Action item
Return the lines beginning at the one that contains "千葉県明るい選挙 シンボルキャラクター せんぎよ君" and running to the end of the records, exactly and with nothing else. Omit pictures.

Data entries
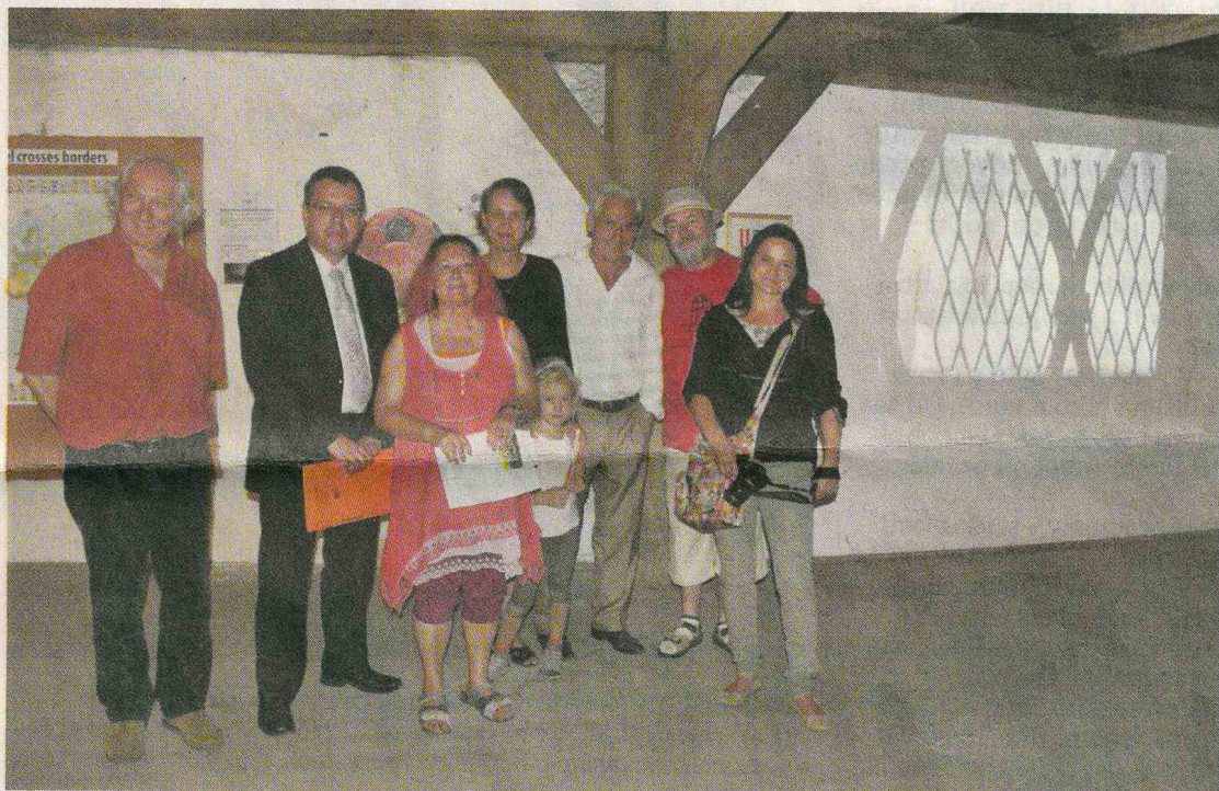
POPRVÉ MOHLI lidé díla spatřit na výstavě na Chebských dvorcích, které se zúčastnili také někteří autoři. Diváci zhlédli rovněž film, který se na slavnostním zahájení promítal.

První část projektu se konala už v dubnu, kdy se v Chebu setkala devět umělců – tři z Bavorska, tři ze Saska a tři z Česka. „Byli zde zastoupeni malíři, grafici, fotografové, kteří vytvořili smíšené pracovní skupiny, ve kterých nejprve prezentovali svoji volnou tvorbu, ať už současnou nebo tvorbu, která vznikala před pádem 'železné opony',“ doplnil ředitel Illek. „Každý z autorů také
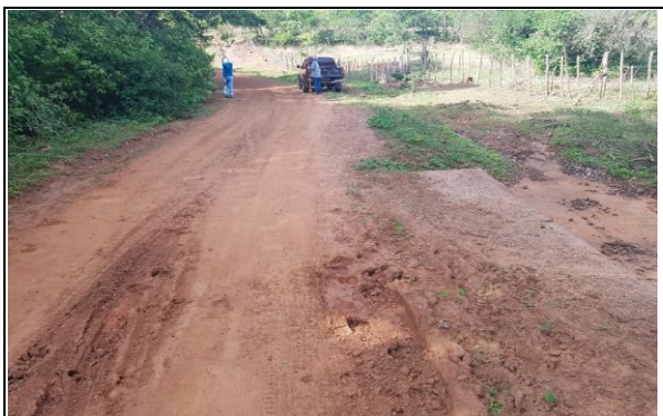
FOTO Nº 09 - PASSAGEM MOLHADA EXISTENTE 02 (6,00 x 10,00)m - E160
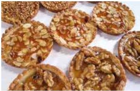
CROSTATINE FRUTTA SECCA ASSORTITE PESO 53 g - 12 PZ. PER CONFEZIONE
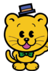
千葉県明るい選挙 シンボルキャラクター せんぎよ君
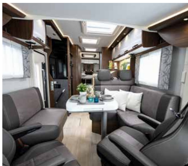
↑ Point fort de l'espace de vie : une sellerie exclusive en cuir et microfibrés
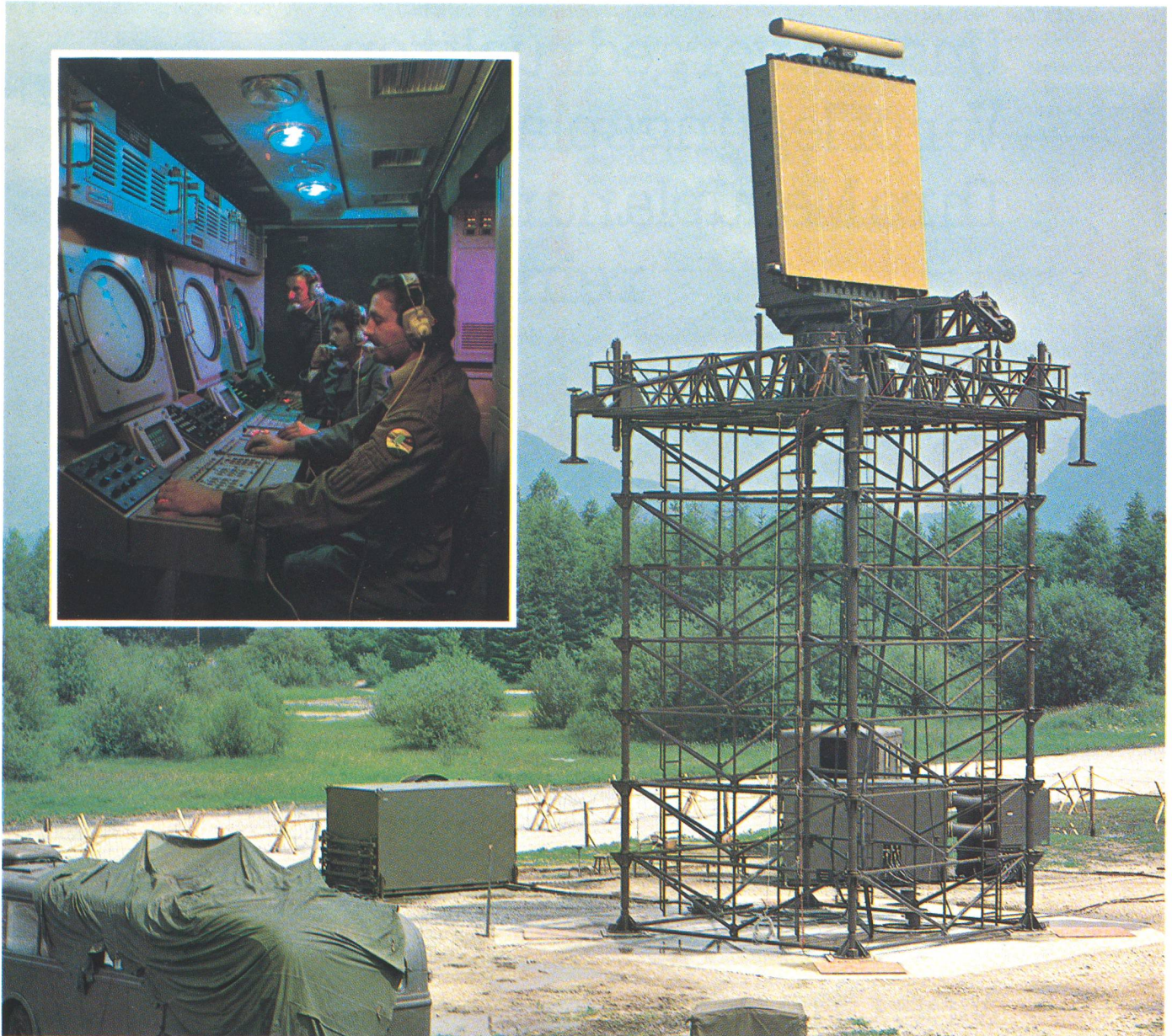
MRCS 403/RAT-31S in Stellung in Österreich

Solved problem
千葉県明るい選挙 シンボルキャラクター せんぎよ君
↑ Point fort de l'espace de vie : une sellerie exclusive en cuir et microfibrés
MRCS 403/RAT-31S in Stellung in Österreich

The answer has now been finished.